The annular modes, which correspond to the leading empirical orthogonal function of zonal mean zonal wind in both hemispheres, are a dominant mode of variability of the extratropical circulation on intraseasonal to interannual timescales. A positive feedback between anomalous zonal flow and eddy fluxes has been argued to be responsible for the persistence of the annular mode. Quantifying the strength of the eddy-jet feedback is important for understanding both internal variability and response to external forcing. Statistical methods have been proposed to quantify the feedback strength (e.g., Lorenz and Hartmann, 2001, JAS; Simpson et al., 2013, JC). However, how well the statistical methods quantify the feedback has not been established. Furthermore, a recent study (Byrne et al., 2016, GRL) has demonstrated the shortcomings of these statistical methods in distinguishing between an eddy feedback and an interannual variability that is external to any processes in the mid-latitude troposphere (e.g., stratospheric variability). It is argued that previous evidence for the existence of a positive eddy feedback is more likely attributable to the external interannual variability.

Here, a linear response function (LRF), which relates the temporal tendencies of zonal mean temperature and zonal wind to their anomalies and external forcing (Hassanzadeh and Kuang, 2016, JAS), is used to quantify the strength of the eddy-jet feedback associated with the annular mode in an idealized GCM. With the LRF, we are able to separate the mean-state-dependent eddy forcing from the mean-state-independent eddy forcing and thus isolate the part of the eddy variations that contributes to the feedback from the part that does not.

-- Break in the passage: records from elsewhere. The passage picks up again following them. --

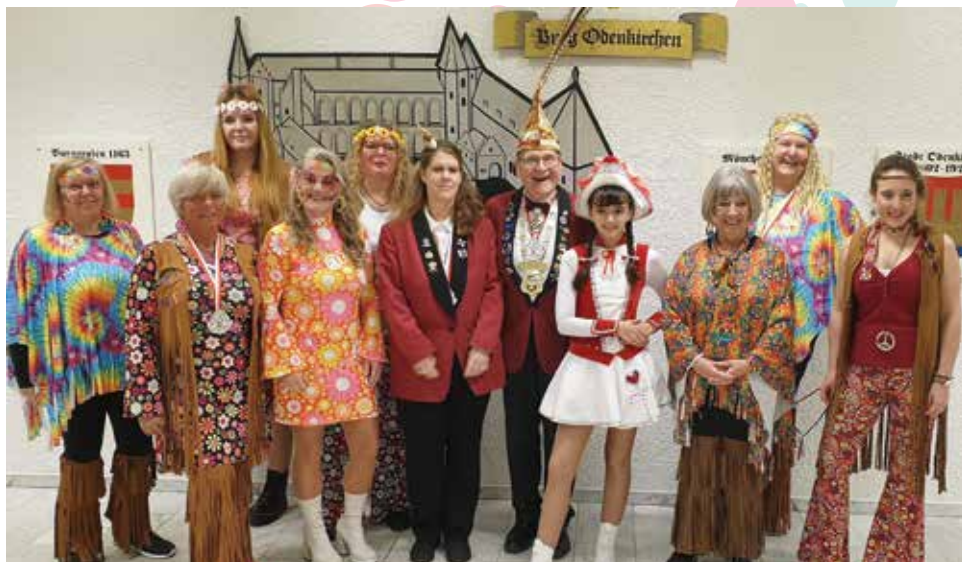
Der Elferrat der KG Ruet-Wiss-Okerke
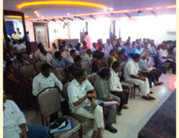
కూకట్‌పల్లిలో కార్యకర్తల సమావేశంలో డా॥ జయప్రకాష్ నారాయణ్
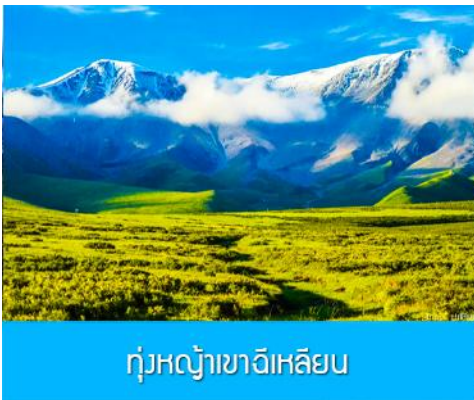
ทุ่งหญ้าฉีเหลียน

จากนั้นนำท่านเดินทางโดยรถบัสสู่ทุ่งหญ้าฉีเหลียน (ระยะทาง 140 กม. ใช้เวลาเดินทางประมาณ 2 ชั่วโมง)

Following a simple feedback model of Lorenz and Hartman (2001, JAS), the results confirm the presence of a positive eddy-jet feedback in the annular mode dynamics, with a feedback strength of 0.13 day^-1 for this idealized GCM. Statistical methods proposed by earlier studies to quantify the feedback strength are evaluated against the results from the LRF, and it is shown that, because of the quasi-oscillatory nature of the eddy forcing, results of the previous methods are interfered by eddy forcing not caused by changes in the jet. A new method based on low-pass filtering is employed to reduce the interference from the spectral peak of eddy forcing at synoptic timescales, and the feedback strength is approximated by the regression coefficient of low-pass filtered eddy forcing on low-pass filtered zonal index, which converges to the value produced by the LRF when timescales longer than 200 days are used for the low-pass filtering.

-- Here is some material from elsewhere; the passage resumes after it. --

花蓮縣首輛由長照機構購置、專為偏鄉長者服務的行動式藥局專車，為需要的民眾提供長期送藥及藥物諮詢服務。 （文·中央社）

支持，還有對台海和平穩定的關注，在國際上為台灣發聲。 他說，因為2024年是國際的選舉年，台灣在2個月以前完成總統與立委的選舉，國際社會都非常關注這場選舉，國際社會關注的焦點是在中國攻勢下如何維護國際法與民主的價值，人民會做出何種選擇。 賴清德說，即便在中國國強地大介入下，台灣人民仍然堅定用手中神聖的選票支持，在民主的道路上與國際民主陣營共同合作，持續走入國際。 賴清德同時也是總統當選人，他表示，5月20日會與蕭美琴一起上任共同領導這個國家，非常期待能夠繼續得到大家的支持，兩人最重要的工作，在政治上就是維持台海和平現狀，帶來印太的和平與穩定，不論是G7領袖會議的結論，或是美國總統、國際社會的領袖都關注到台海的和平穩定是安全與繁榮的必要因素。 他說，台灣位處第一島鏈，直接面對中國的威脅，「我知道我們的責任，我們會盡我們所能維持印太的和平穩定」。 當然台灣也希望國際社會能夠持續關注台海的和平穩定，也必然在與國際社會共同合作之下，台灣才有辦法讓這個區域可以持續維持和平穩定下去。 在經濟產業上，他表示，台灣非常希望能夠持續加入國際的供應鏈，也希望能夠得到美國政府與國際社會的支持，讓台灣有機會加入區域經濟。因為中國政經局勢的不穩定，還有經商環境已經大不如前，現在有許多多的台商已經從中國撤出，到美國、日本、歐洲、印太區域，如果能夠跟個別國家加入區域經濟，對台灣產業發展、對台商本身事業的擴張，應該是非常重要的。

Different statistical methods are then applied to Southern Hemisphere reanalysis data. The feedback strength estimated using the new low-pass filtering method is 0.12 day^-1, which is presented as an improvement over previous estimates. Seasonality of the eddy-jet feedback is also explored. In addition, the results highlight a strong control of the annular mode on high frequency baroclinic waves (with periods less than 2 days) at intraseasonal to interannual timescales, which was underappreciated in previous research. The present study provides a framework to quantify the eddy-jet feedback strength in models and reanalysis data. Implications for the dynamics of the annular mode in the real atmosphere and potential caveats will also be discussed.